# screened or unscreened compost



## Belgianbillie (Apr 3, 2018)

One is 50 bucks the other is only 22 bucks. Does it matter for doing an overseed?


----------



## probasestealer (Apr 19, 2018)

Unscreened means rocks/wood chips etc. I would want to see it before purchase. I find there is no universal definition for "compost". The best quality compost I ever bought was full of driveway gravel...

But I would probably choose screened. Is that $50/cubic yard??


----------



## Belgianbillie (Apr 3, 2018)

yea 50 bucks per cu yard with a 35 dollar delivery fee or 22 dollars with a 25 dollar delivery fee. Two different places.
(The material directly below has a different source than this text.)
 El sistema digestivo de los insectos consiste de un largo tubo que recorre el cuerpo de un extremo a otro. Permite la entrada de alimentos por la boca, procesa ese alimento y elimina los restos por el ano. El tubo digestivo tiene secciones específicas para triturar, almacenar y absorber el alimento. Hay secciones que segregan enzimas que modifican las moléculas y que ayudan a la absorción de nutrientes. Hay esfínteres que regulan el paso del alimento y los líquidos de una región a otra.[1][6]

I am thinking i need about 4-6 cu yards.


----------



## ForsheeMS (May 21, 2018)

I would go take a look at both. If the unscreened doesn't have a lot of large chunks in it I would go with that and put the savings towards your fall nitrogen app. I actually like the compost to have small visible wood chips because that's basically "slow release" compost. Those wood chips will break down slowly feeding the microbes for a longer period of time.
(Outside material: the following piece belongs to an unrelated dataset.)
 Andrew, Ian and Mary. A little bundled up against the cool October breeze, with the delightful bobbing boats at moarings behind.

The stuff I get from the local city waste water treatment plant has a lot of small wood chips in it as well as a few larger pieces. I pick out the bigger stuff and the rest will disappear into the existing grass with a pass of the leaf blower. After the first rain you would never know it was there.


----------



## probasestealer (Apr 19, 2018)

ForsheeMS said:


> I would go take a look at both. If the unscreened doesn't have a lot of large chunks in it I would go with that and put the savings towards your fall nitrogen app. I actually like the compost to have small visible wood chips because that's basically "slow release" compost. Those wood chips will break down slowly feeding the microbes for a longer period of time.
> 
> The stuff I get from the local city waste water treatment plant has a lot of small wood chips in it as well as a few larger pieces. I pick out the bigger stuff and the rest will disappear into the existing grass with a pass of the leaf blower. After the first rain you would never know it was there.
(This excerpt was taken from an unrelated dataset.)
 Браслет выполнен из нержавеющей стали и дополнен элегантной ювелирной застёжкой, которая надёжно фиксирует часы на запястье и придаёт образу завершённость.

@ForsheeMS "city waste water treatment plant" I saw this online recently in your area. I'm not driving this far for compost, but is it just leaf mulch or is also combined with sewage sludge?


----------



## ForsheeMS (May 21, 2018)

probasestealer said:


> @ForsheeMS "city waste water treatment plant" I saw this online recently in your area. I'm not driving this far for compost, but is it just leaf mulch or is also combined with sewage sludge?


It's a mixture of chipped limbs, leaves and other yard waste the city picks up curbside and they combine that with sewage sludge. Out of all the loads I've got from them none of it was completely cooked yet. Yes, it does smell pretty bad! But it has always been really hot so any weed seeds that might have been in it should be cooked enough not to cause a problem. Never had a weed issue from using it so far. Around here we call it dookie dirt. I live outside of the city limits but it's only a 7 mile drive for me and it's $10 for a large wheel loader scoop. It will fill the bed of a full size pick up.


----------



## erickdaniels (Jun 29, 2018)

@Belgianbillie 
I would go with screened. I had 10 cu yd of unscreened leaf compost delivered and it has shreds of plastic in it (garbage bag like). Screening would have removed this debris. I now know better.


----------



## probasestealer (Apr 19, 2018)

ForsheeMS said:


> probasestealer said:
> 
> 
> > @ForsheeMS "city waste water treatment plant" I saw this online recently in your area. I'm not driving this far for compost, but is it just leaf mulch or is also combined with sewage sludge?
> ...


Sounds like cheap milorganite.


----------